Award winning Jazz musician, Zoe Gilby, heads to Leeds for International Women’s Day performance

(Images courtesy of Flaneur Photographic/Gareth Surgey)

This International Women’s Day, March 8, sees Tyneside’s Parliamentary Awards Jazz Vocalist of the Year make the short trip over to Yorkshire for an afternoon with her quartet at the Seven Artspace.

A celebration which this years’ mantra embraces the phrase ‘An equal world is an enabled world’ and the hashtag of #EachforEqual, Zoe is understandably well aware of the boundaries that are both present, and that need broken, whilst also celebrating that in which she has achieved throughout a long, and somewhat productive career.

This year alone will see the jazz musician add a further two albums to the three previous three releases, her Tom Harrell-inspired, Aurora Project, having its launch at the Gosforth Civic Theatre on April 23, then, later on in the year, she’ll release her first original production in seven years with Living in Shadows.

Speaking ahead of her appearance in Leeds the award-winning musician said: “I’m so excited to be performing on March 8 at the Seven Arts Leeds Jazz anyway, but, the fact that this is also on International Women’s Day, it makes it even more special and very close to my heart.

“International Women’s Day for me is a celebration, a celebration of what we have achieved and the boundaries that we have pushed.

“We are all different, yet globally we can stand together on this day and every other day, from all different walks of life, and with a path both unknown and exciting.

“I also remember, and appreciate the men and other genders who are supportive and respectful to what we are all going through.

“The gender gap, and all of the other prejudices eating away at society, aren’t going to go away overnight and it takes everyone working together to try to do this.

“But it’s most certainly ok to be different, not to fit the mould, just be creative and be yourself.”

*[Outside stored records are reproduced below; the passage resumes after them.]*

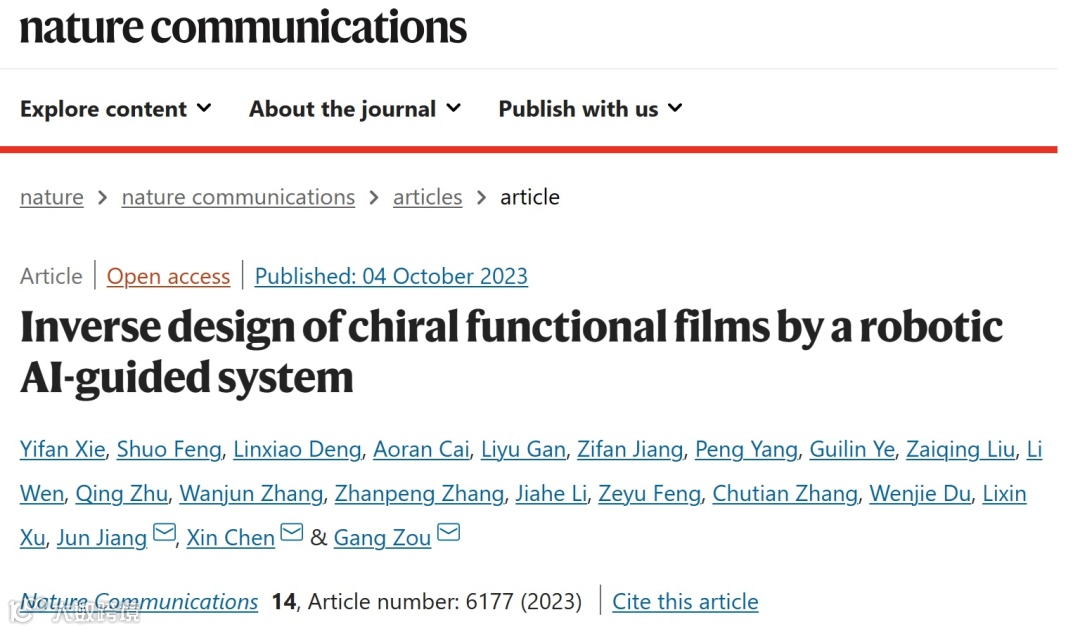 针对手性聚合物材料的设计难题,邹纲教授与江俊教授团队合作,通过数据智能驱动的全流程机器化学家,利用机器实验高效采集大量精准数据,结合人工智能方法分析实验数据,构建薄膜光谱特性、制备工艺参数和宏观手性光学功能之间的耦合映射关系,实现了手性光学活性的精准预测和按需定制的逆向设计。该研究为实现手性功能材料的逆向设计和定制制造提供了新的途径,也展现了机器化学家在材料智能创制中的强大能力。该成果以“Inverse design of chiral functional films by a robotic AI-guided system”为题发表在《Nature Communications》上。
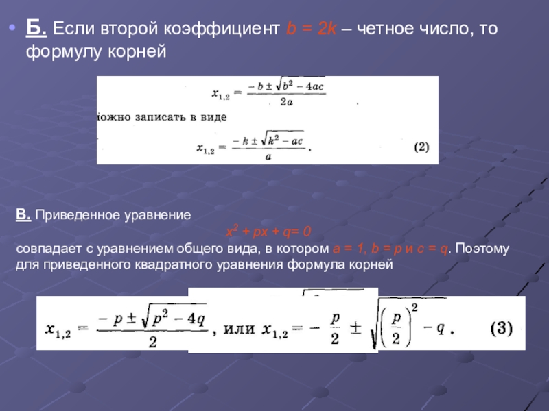 Слайд 15Б. Если второй коэффициент b = 2k – четное число, то
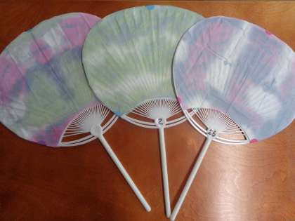 あさがおの花の色で染めた和紙を使って,うちわを作りました。

Some of music, and particularly jazz, greats have been female, artists from Ella Fitzgerald and Billie Holliday through to Fiona Ross, Rachel Sutton and Fleur Stevenson, it’s a somewhat plentiful list, each talented in their own rights.

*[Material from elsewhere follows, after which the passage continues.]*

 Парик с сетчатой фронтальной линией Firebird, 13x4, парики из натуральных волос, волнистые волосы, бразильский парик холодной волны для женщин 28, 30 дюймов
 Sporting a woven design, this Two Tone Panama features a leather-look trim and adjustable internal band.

Zoe however realises the magnitude in which International Women’s Day not only has on the music industry, but on life in general, adding: “To be in a position to perform and share what I love, my music, my sound, with my brilliant band, and on this momentous day, will be particularly poignant to me.

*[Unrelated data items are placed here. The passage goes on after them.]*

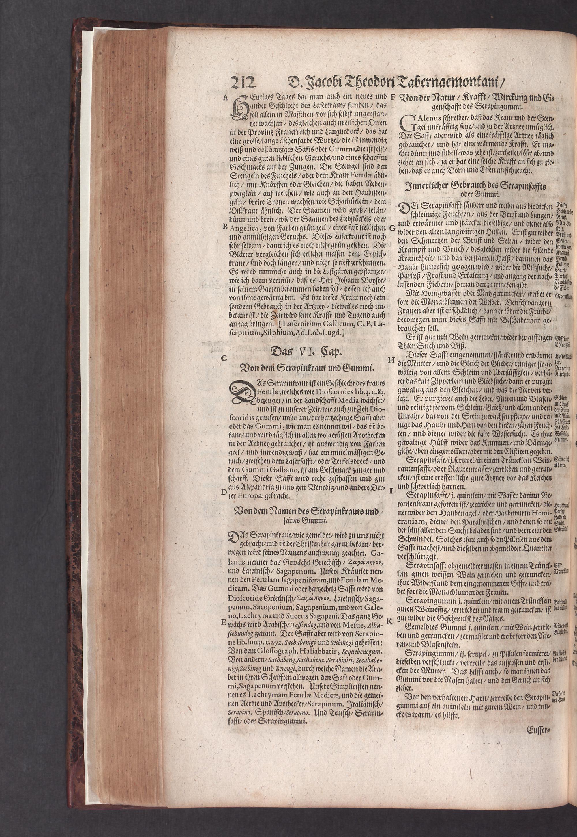 D. Jacobi Theodori Tabernaemontani, Neu vollkommen Kräuter-Buch : Darinnen Uber 3000. Kräuter/ mit schönen und kunstlichen Figuren/ auch deren Underscheid und Würckung/ samt ihren Namen in mancherley Sprachen/ beschrieben: Desgleichen auch/ wie dieselbige in allerhand Kranckheiten/ beyde der Menschen und des Viehs/ sollen angewendet und gebraucht werden/ angezeigt wird. Erstlichen durch Casparum Bauhinum D. und Profess. Basil. mit vielen neuen Figuren/ nutzlichen Artzneyen/ und anderem/ mit sonderem Fleis gebesseret/ Zum Andern Durch Hieronymum Bauhinum D. und Profess. Basil. mit sehr nutzlichen Marginalien, Synonimis, neuen Registeren und anderem vermehrt
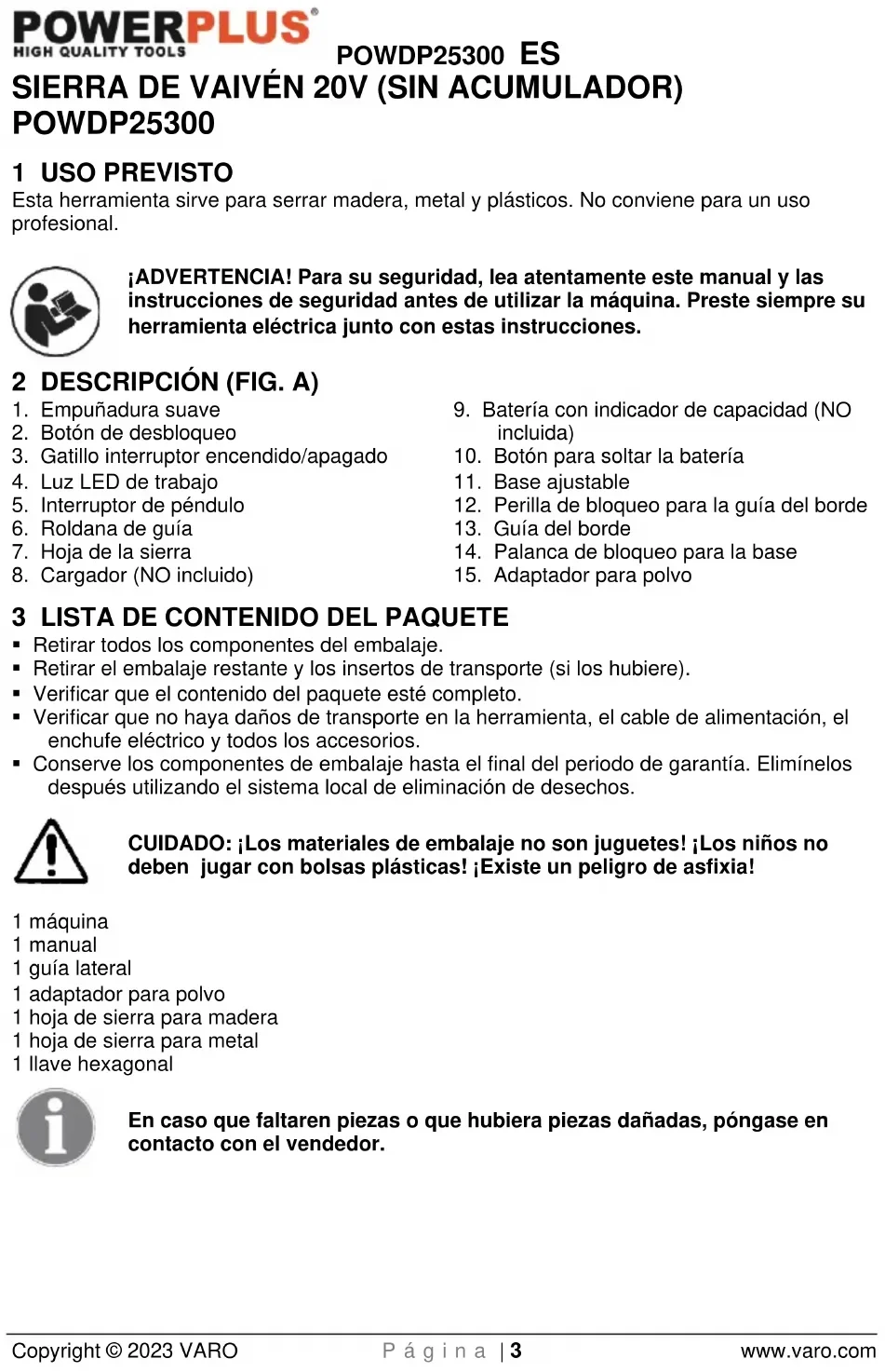 Copyright © 2023 VARO P á g i n a | 3 www.varo.com SIERRA DE VAIVÉN 20V (SIN ACUMULADOR) POWDP25300 1 USO PREVISTO Esta herramienta sirve para serrar madera, metal y plásticos. No conviene para un uso profesional. ¡ADVERTENCIA! Para su seguridad, lea atentamente este manual y las instrucciones de seguridad antes de utilizar la máquina. Preste siempre su herramienta eléctrica junto con estas instrucciones. 2 DESCRIPCIÓN (FIG. A)
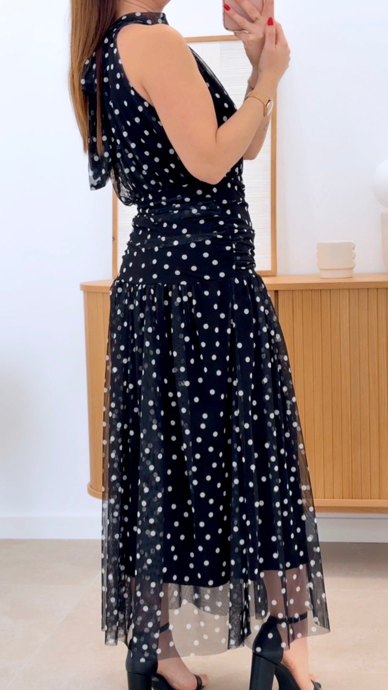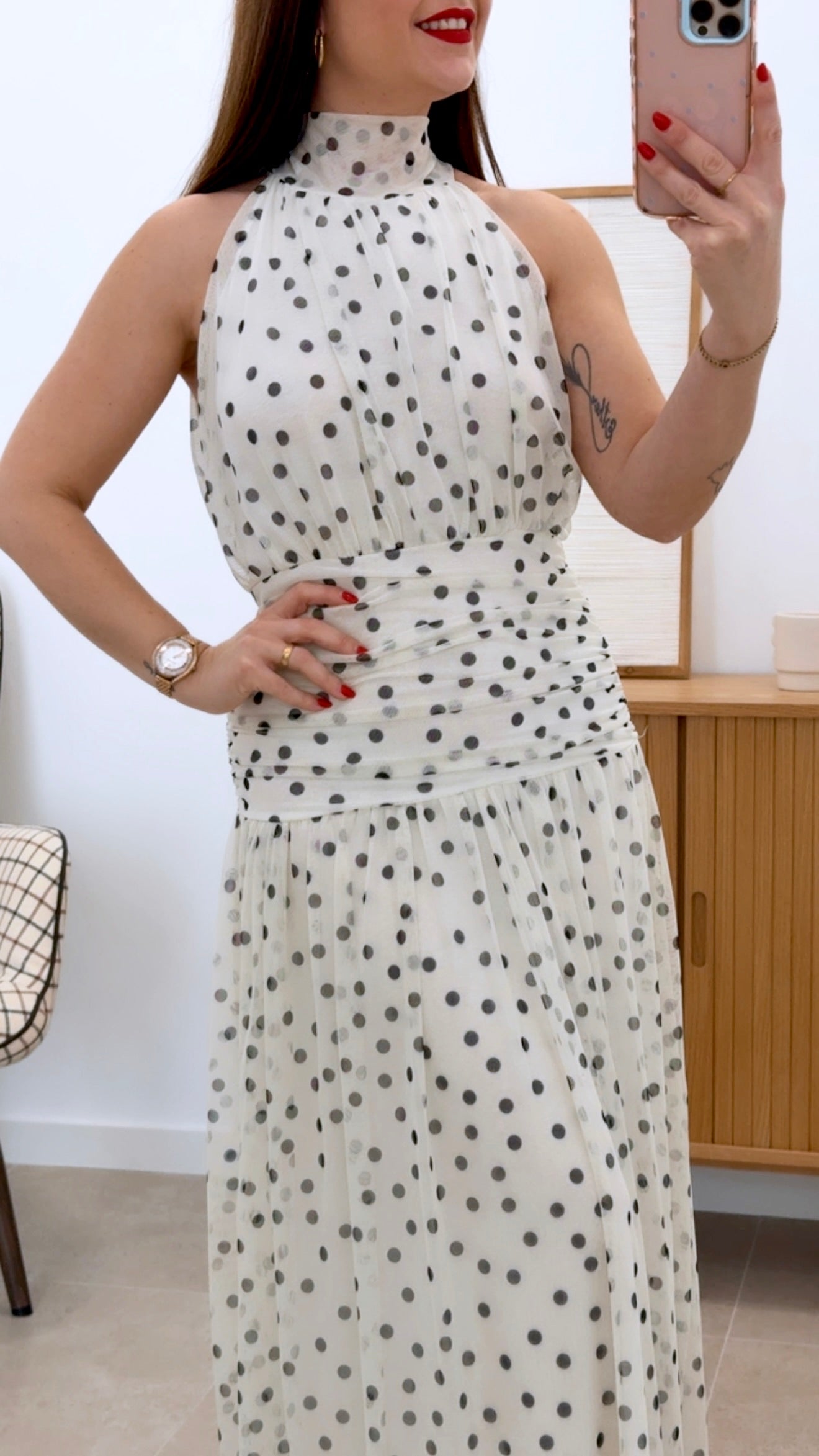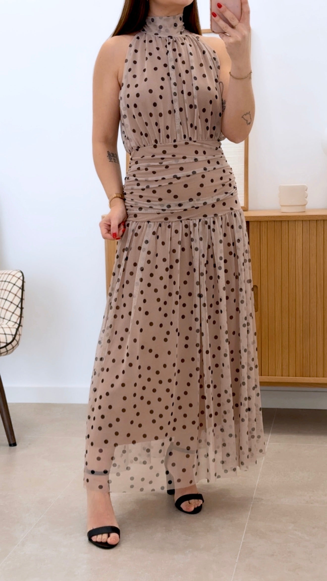 Vestido largo sin mangas en talla única que combina colores con un diseño de lunares. Cuenta con cintura fruncida para un ajuste favorecedor y forro interno para mayor comodidad. Confeccionado en 100% poliéster y 100% viscosa, ofrece durabilidad y una caída elegante. Pieza versátil perfecta para ocasiones especiales o uso diario.
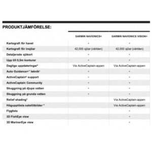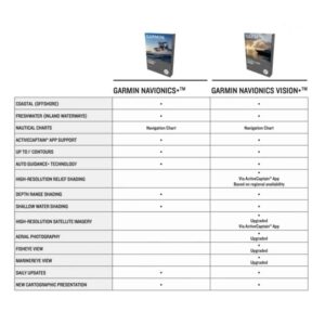 Sjökorten har skuggade djupkonturer för att hjälpa till med navigering på grunt vatten och för att hitta de bästa fiskeplatserna. Med en ny avancerad Auto Guidance+-teknik för bästa val av vägledning på vattnet och detta med hjälp av Garmin och Navioncs ruttlösning nu är integrerade. Tillgång till dagliga uppdateringar via ActiveCaptain®-appen för den senaste sjökortsdatan.

“I embrace this every day of the year, whether I am performing, song-writing or recording.

“The balance women are expected to strike, to be a successful businesswoman, or be an incredible mother, to have the perfect looks, have the house work done and get the dinner on the table, it honestly sounds like it’s something from the dark ages but it is unfortunately still apparent, even in this day and age.

“These issues barely even touch the sides as to what else women all around the world are struggling with.

“International Women’s Day symbolises so much in that it also symbolises freedom, expression, love, support and creativity.”

A decade plus of individual experience, and with three albums to her own name – Now That I Real (2007), looking Glass (2010) and Twelve Stories (2013), the Zoe Gilby Quartet, also featuring Andy Champion (double bass), Mark Williams (guitar) and Richard Brown (drums) will engage the audience from the very first, to very last note with their extensive, and unique repertoire.

In addition to performing on this year’s International Women’s Day, the Zoe Gilby Quartet release their Tom Harrell composition album, Aurora, on April 23, with a performance at the Gosforth Civic Theatre, meanwhile they appear at the Seven Artspace, Harrogate Road, Leeds, on the afternoon of Sunday 8 March, between 1:30pm and 4pm. Tickets are available now from priced £10 (adults), £8 (concessions) and £5 (under 25s).